*** Begin section ***
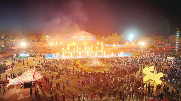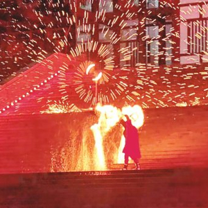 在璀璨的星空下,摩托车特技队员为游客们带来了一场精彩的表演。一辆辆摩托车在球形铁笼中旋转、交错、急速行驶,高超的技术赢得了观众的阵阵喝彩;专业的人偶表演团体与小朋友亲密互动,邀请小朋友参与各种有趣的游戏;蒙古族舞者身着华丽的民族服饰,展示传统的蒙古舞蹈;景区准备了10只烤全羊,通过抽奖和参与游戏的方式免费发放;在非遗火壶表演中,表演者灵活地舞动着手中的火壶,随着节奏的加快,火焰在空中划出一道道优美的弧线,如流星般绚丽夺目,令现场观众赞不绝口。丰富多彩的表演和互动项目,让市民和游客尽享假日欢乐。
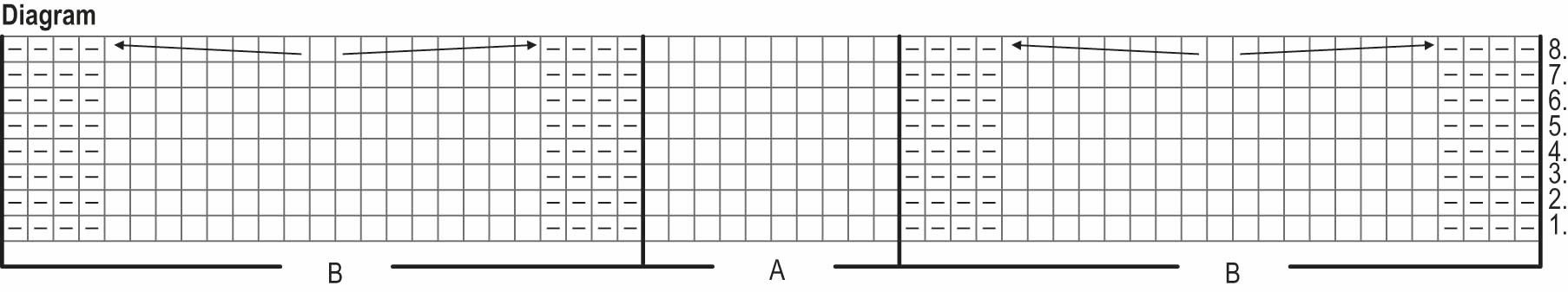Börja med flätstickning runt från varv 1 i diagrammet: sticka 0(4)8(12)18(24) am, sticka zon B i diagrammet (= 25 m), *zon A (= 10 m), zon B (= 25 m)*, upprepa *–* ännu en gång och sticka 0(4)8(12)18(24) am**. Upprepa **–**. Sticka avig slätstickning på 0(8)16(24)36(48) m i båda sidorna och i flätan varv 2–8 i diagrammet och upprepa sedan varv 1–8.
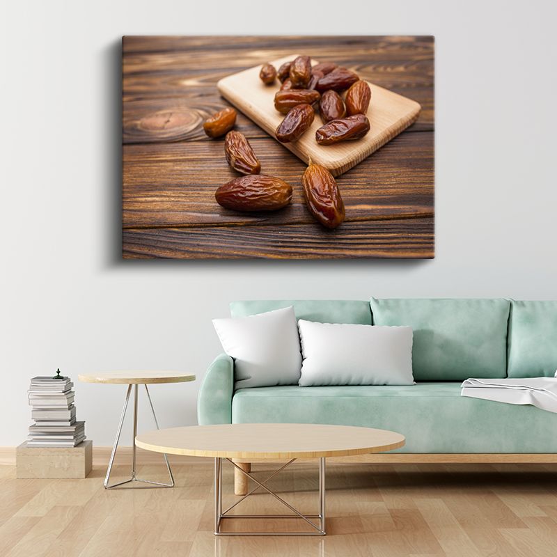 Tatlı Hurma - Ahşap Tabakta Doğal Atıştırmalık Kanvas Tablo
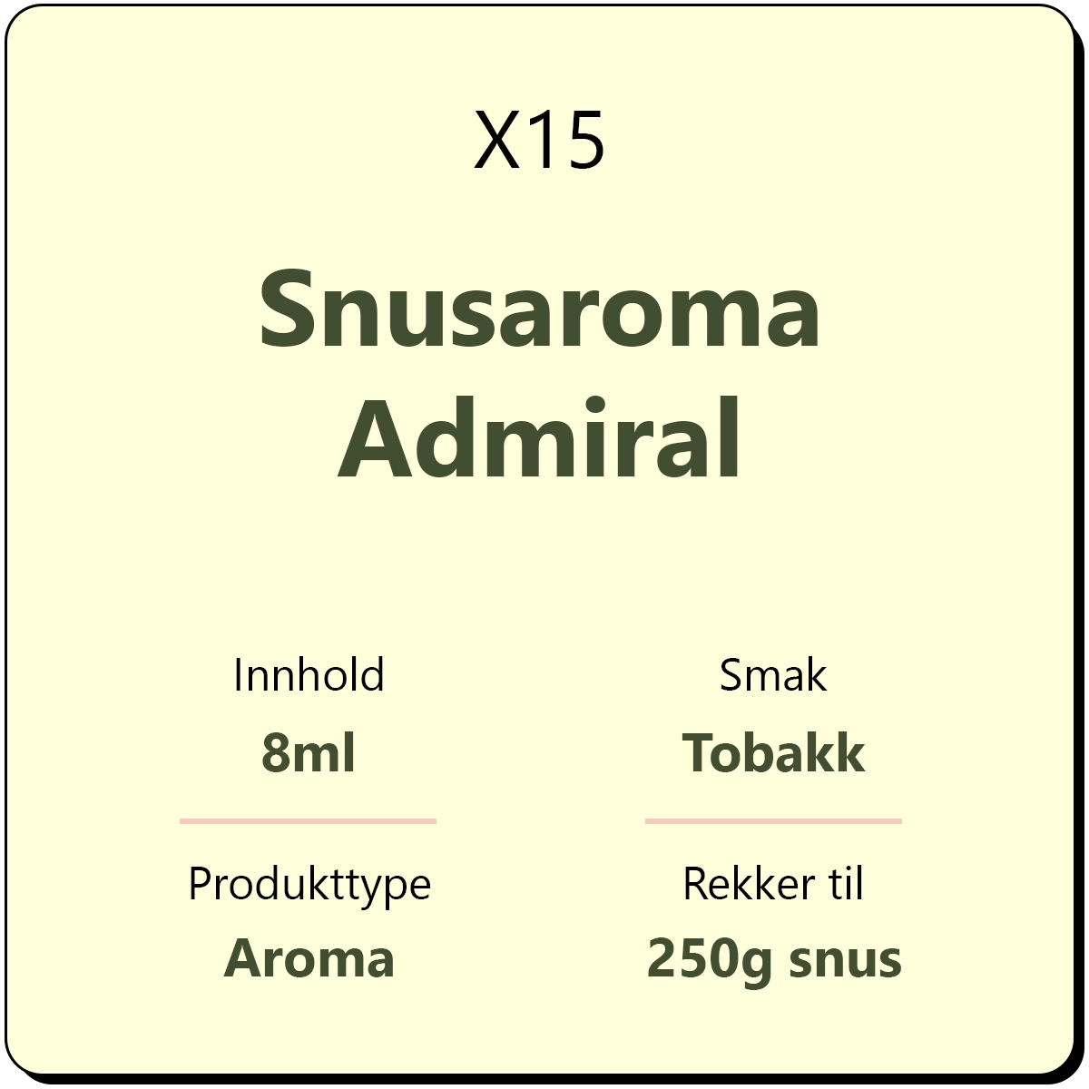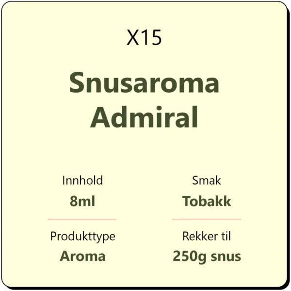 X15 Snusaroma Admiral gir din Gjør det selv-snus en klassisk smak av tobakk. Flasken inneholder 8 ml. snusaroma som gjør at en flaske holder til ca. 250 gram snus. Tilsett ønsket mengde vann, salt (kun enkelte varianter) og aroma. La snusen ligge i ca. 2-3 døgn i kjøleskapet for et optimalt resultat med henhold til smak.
*** End section ***
*** Begin section ***
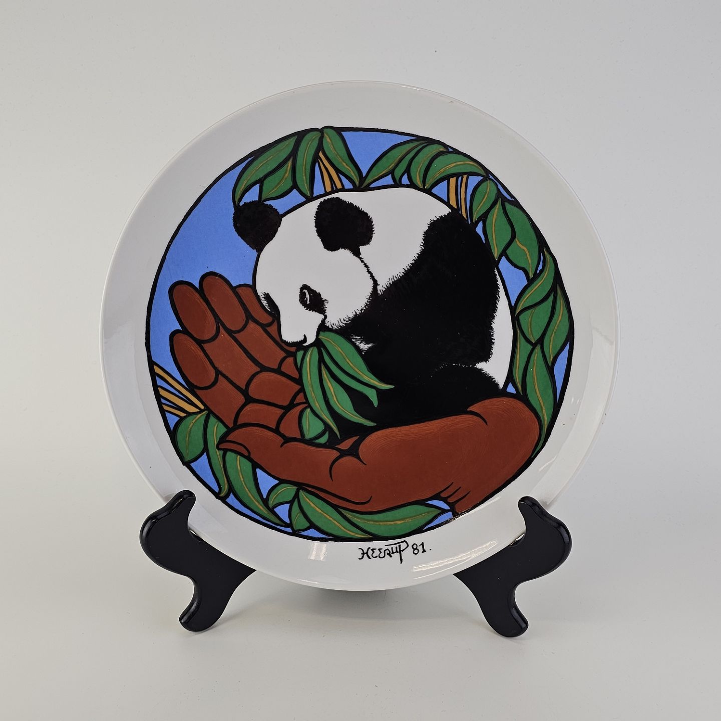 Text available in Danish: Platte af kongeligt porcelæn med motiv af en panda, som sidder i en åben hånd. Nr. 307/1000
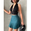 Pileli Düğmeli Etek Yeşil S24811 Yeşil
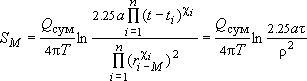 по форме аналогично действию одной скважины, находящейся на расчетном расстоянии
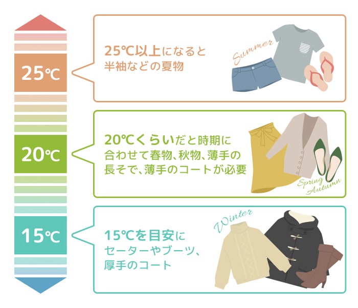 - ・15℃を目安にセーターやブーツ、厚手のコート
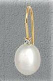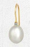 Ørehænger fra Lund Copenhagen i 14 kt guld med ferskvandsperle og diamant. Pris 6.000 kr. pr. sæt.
*** End section ***
Aim of the exercise ▸ Could you transcribe exactly the entries above, but only the lines from the one with "Text available in" through the one with "Ørehænger fra Lund", and without pictures?

Answer space ▸
 Text available in Danish: Platte af kongeligt porcelæn med motiv af en panda, som sidder i en åben hånd. Nr. 307/1000
 Pileli Düğmeli Etek Yeşil S24811 Yeşil
 по форме аналогично действию одной скважины, находящейся на расчетном расстоянии
 - ・15℃を目安にセーターやブーツ、厚手のコート
 Ørehænger fra Lund Copenhagen i 14 kt guld med ferskvandsperle og diamant. Pris 6.000 kr. pr. sæt.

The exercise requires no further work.